The third group is best described as casual users, a large number of whom arrive via
search engines or sites such as
Wikipedia
[
Blaney 2013]. The group includes journalists looking for stories,
business owners interested in the heritage of their premises, historical video game
makers researching historical context for upcoming projects, and people reading for
enjoyment. 348 respondents (24%) decided not to classify themselves under one of the
above headings or felt the headings did not apply to them. Their age profile most
closely mirrors the academic users, and suggests that most of them are not amongst
the genealogical group. Given the fact that most users heard about the survey via an
email to the address they used to register with BHO, it is likely that many of the
people in this category were repeat users. Because the needs and interests of the
casual users are so diverse, they are the most difficult to pin down. While the
discussion in this paper will include the views of the respondents from this group,
they will not be the study’s core focus.
As the average age of BHO users is older than the typical web user, age may be
pertinent to a full understanding of the survey results and search and browse
preferences. There is a large body of literature that studies the web needs of older
web users, or “silver surfers” as they have been called in the past. Much of
this research was done in the early years of the 2000s and focused on the cognitive,
physical, and sensory decline of the elderly, as well as on ways to address the
alleged “fear” older people have of technology [
Darin and Kurnaiwan 2000]; [
Morrell et al. 2000]; [
Zajicek 2001]; [
Millward 2003]; [
Aula 2005]; [
Kurnaiwan and Zaphiris 2005]; [
Kurnaiwan et al. 2006]; [
Chadwick-Dias et al. 2007]; [
Dickinson et al. 2007]; [
Gao et al. 2007]; [
Tullis 2007]; [
Fairweather 2008]; [
Hill et al. 2011]. This literature, most of it presumably written by
academics under the age of 75, while good intentioned, can at times be patronising
and is perhaps less apt for today’s “silver surfer” who may have been in his or
her forties when the web first became popular, and thus has decades of experience
with the Internet. From the perspective of the BHO project team, it was not so much
the age of these users that was important, but how these different groups wanted to
navigate online collections like BHO.
To get a better understanding of respondents, users were asked how frequently they
used the site. Results can be seen in Figure 3. The most common answer in all three
groups was that they used the site “occasionally” (31% academics, 46%
genealogists, 32% casual users). Academics were considerably more likely to think of
themselves as regular users, opting for the “often” or “very often”

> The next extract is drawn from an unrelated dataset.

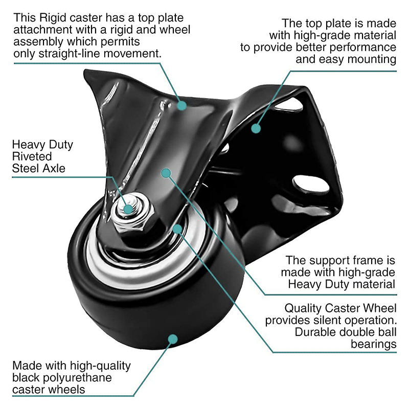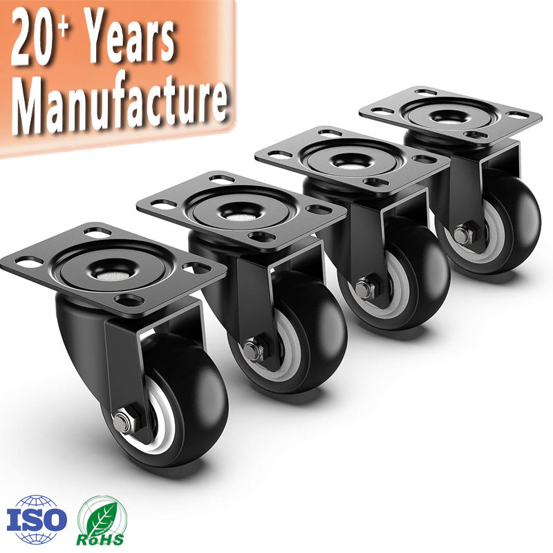 Roulettes pivotantes en polyuréthane et acier de 1,5 po, 2 po, 2,5 po sans frein pour chaise de bureau, salon, hôpital, salle de bain, meubles

categories twice for every genealogist respondent (37% academic versus 15%
genealogist and 21% casual users).
A majority of all users were based in the UK or Ireland (66%), with casual users
showing even higher levels of local use – See Figure 3. North Americans comprised 19
percent of respondents, with academics proportionately more likely to be North
Americans taking advantage of research materials that for them may have been
overseas. Only 9 percent of respondents were from Oceania, with a clear majority of
them using the site for genealogical reasons. Europeans were rare and generally were
academics. Respondents from the rest of the world were very rare.
The respondents of the survey are therefore of an older set of Internet users,
typically over the age of 55, and mostly British and Irish. Academic users are more
likely to be heavy users of the site, and are more male than female. Genealogical
users are occasional visitors, and have no discernible gender variance.
The rest of this paper discusses the project team’s findings derived from the survey.
Current Information Retrieval Preferences
Respondents were asked about their current preference for finding information
stored online in sites like BHO (for full data see Appendix I), as well as their
wishes for the future (see Appendix II). With regards to current preferences,
respondents were asked whether they “never”, “rarely”,
“sometimes”, “often”, or “very often” used the following
discovery methods:
- Simple keyword searching
- Advanced keyword searching
- Browsing by subject
- Browsing by publication
- An external library catalogue or website
For ease of discussion, these have been recombined into three categories:
- popular (often + very often)
- occasional use (sometimes)
- unfavoured (rarely, never)
Searching was more popular than browsing for all three user groups (see Figure
4). The ubiquity of search on the Internet means that keyword searching is
currently a must for digital libraries. In this case, that means full-text
searching whenever possible. Simple keyword searching was more popular than
advanced keyword searching for all three user groups. More than half of all
users ranked simple keyword searching as a popular option for them. There was
very little variation between the groups. Nine in ten respondents claimed at
least occasional use of this type of feature. Given the overwhelming level of
search on the Internet, the project team members are skeptical of the 44 people
(3.25%) who claimed “never” to use simple keyword searching on sites such
as BHO.
Advanced keyword searching was also popular with most users, but was most popular
amongst academic users, of whom 53% claimed to often or very often use this form
of searching, and 83.5% at least sometimes did so. Academics are probably more
likely than the other groups to overestimate or overemphasize their use of this
feature, as it is generally viewed as the more “scholarly” approach, so
this finding should probably be viewed as user reporting of their preferences
rather than actual usage patterns. Genealogical users were slightly less likely
to use advanced searching, and used it considerably less often than simple
keyword searching. However, reported use in this group was still high. Casual
users were least likely to use advanced keyword searching, but a majority still
claimed to do so. Encouraging more uptake may require increased training, as one
respondent noted that “the advanced keyword searching has never worked for
me. There is not enough explanation”. Many academic users receive such
training as part of library short courses or induction training for new
students, but these options are less likely to find their way into the general
public’s hands. Despite these slight variations, the overall message is that
digital library users overwhelmingly like some form of keyword searching and
that both simple and advanced options are used by a majority of users.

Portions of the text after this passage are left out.